Deniz Ataç, toprağın korunması ve erozyonla mücadelede, ormanların ve sunduğu hizmetlerin korunması ile yeni ormanlar oluşturulması amacıyla yapılan ağaçlandırma çalışmalarının önemli olduğunu anlattı.
TEMA'nın bu kapsamda, başta çocuklar olmak üzere Türkiye'de erozyonla mücadelede ağaçlandırma çalışmalarının önemi, orman varlıklarının korunması konusundaki farkındalığın artırılması, ülke genelinde yürütülen ağaçlandırma seferberliği çalışmalarına katkı sağlanması konularında örnek çalışmalar gerçekleştirdiğini belirten Ataç, "Toprağın ve doğal varlıkların korunması ve doğru şekilde yönetilmesi için gerekli yasal düzenlemelerin yapılmasına öncülük ediyor ve bu çalışmalara destek veriyoruz. Bu çalışmalar neticesinde Türkiye'de mera ve toprak yasalarının çıkmasını sağladık. Ülke topraklarımızı tehdit eden erozyon ve çölleşme tehlikesine dikkat çekerek, bu mücadelenin bir devlet politikası haline gelmesine katkı sağlamaya çalışıyoruz." değerlendirmesinde bulundu.
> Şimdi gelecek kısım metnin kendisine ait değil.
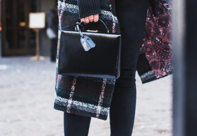 Outfit H E R :: Zara* coat | Halogen* turtleneck | Topshop* jeans | YSL* belt | Mark Cross bag (similar The Daily Edited box bag) | Christian Louboutin boots (similar Steve Madden* boots) | DLNLX* earrings | Brixton* cap

Ataç, toprakla birlikte dünya üzerindeki ekosistemi oluşturan su, hava, orman, biyolojik çeşitlilik gibi tüm doğal varlıkların korunması ile insan kaynaklı iklim değişikliğine dair de politikaların ve toplumsal bilincin oluşturulması için çalışmalara devam ettiklerinin altını çizerek, şunları kaydetti:
"Kendiliğinden yetişen doğal ormanları korumak, ağaçlandırma çalışmalarımızla toplumda ağaç sevgisi oluşturmak da çalışmalarımızın büyük bir kısmını oluşturuyor. Bireysel ve kurumsal fidan bağışları ile ülke genelinde hatıra ormanları oluşturuyoruz. Bugün Türkiye'nin 81 ilinde TEMA Vakfı bağışçıları sayesinde oluşturulan en az bir orman bulunuyor. 1992'den bugüne kadar yaklaşık 22 bin futbol sahası büyüklüğü alanda yaklaşık 20 milyon fidanı toprakla buluşturduk. 22 bin futbol sahası büyüklüğünde bir alanda 700 milyon meşe palamudu ektik. Tarım alanlarını, çayır ve meraları korumak, geliştirmek ve bu alanların amacı dışında kullanılmasını önlemek için faaliyetler yürütüyoruz. Bugüne kadar 284 kırsal kalkınma, koruma ve ağaçlandırma projesi gerçekleştirdik. TEMA Vakfı ağaçlandırma çalışmalarının çok büyük bir bölümü Orman Genel Müdürlüğü iş birliği ile gerçekleştiriliyor. Bu çalışmalarda fidan dikiminin yanında sahada bakım çalışmaları en az 3 yıl devam ediyor ve bu sürede Vakfımız tarafından ağaçlandırılan alan yakından izleniyor. Vatandaşlarımız Vakfımıza, e-posta, telefon, web sayfası veya kurumsal sosyal medya hesapları üzerinden ulaşabiliyor. Web sitemizde bulunan fidan bağışı bölümünden fidan bağışı yapabiliyorlar."